- _Exercise details_
Emit a verbatim copy of the lines below from the line with "order. (Patent Pending)" through the line with "This features a", excluding pictures and everything outside that range.

- _The data_
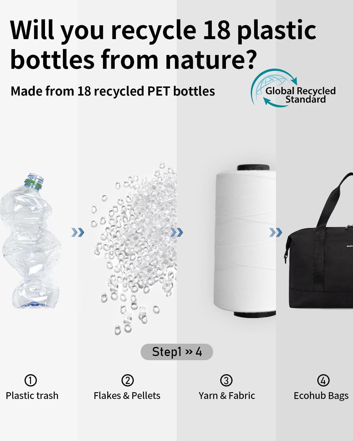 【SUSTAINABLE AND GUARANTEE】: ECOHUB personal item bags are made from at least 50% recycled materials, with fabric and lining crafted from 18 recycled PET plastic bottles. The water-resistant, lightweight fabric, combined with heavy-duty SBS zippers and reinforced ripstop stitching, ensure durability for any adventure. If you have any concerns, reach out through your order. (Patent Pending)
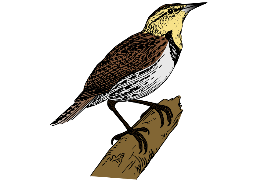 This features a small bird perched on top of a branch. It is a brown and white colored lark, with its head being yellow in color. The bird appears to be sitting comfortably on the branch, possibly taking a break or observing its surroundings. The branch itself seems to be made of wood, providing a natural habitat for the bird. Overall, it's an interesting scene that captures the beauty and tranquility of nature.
--
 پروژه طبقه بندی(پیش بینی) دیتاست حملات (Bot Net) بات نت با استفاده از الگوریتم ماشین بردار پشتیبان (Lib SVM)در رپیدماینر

- _Output of the exercise_
 【SUSTAINABLE AND GUARANTEE】: ECOHUB personal item bags are made from at least 50% recycled materials, with fabric and lining crafted from 18 recycled PET plastic bottles. The water-resistant, lightweight fabric, combined with heavy-duty SBS zippers and reinforced ripstop stitching, ensure durability for any adventure. If you have any concerns, reach out through your order. (Patent Pending)
 This features a small bird perched on top of a branch. It is a brown and white colored lark, with its head being yellow in color. The bird appears to be sitting comfortably on the branch, possibly taking a break or observing its surroundings. The branch itself seems to be made of wood, providing a natural habitat for the bird. Overall, it's an interesting scene that captures the beauty and tranquility of nature.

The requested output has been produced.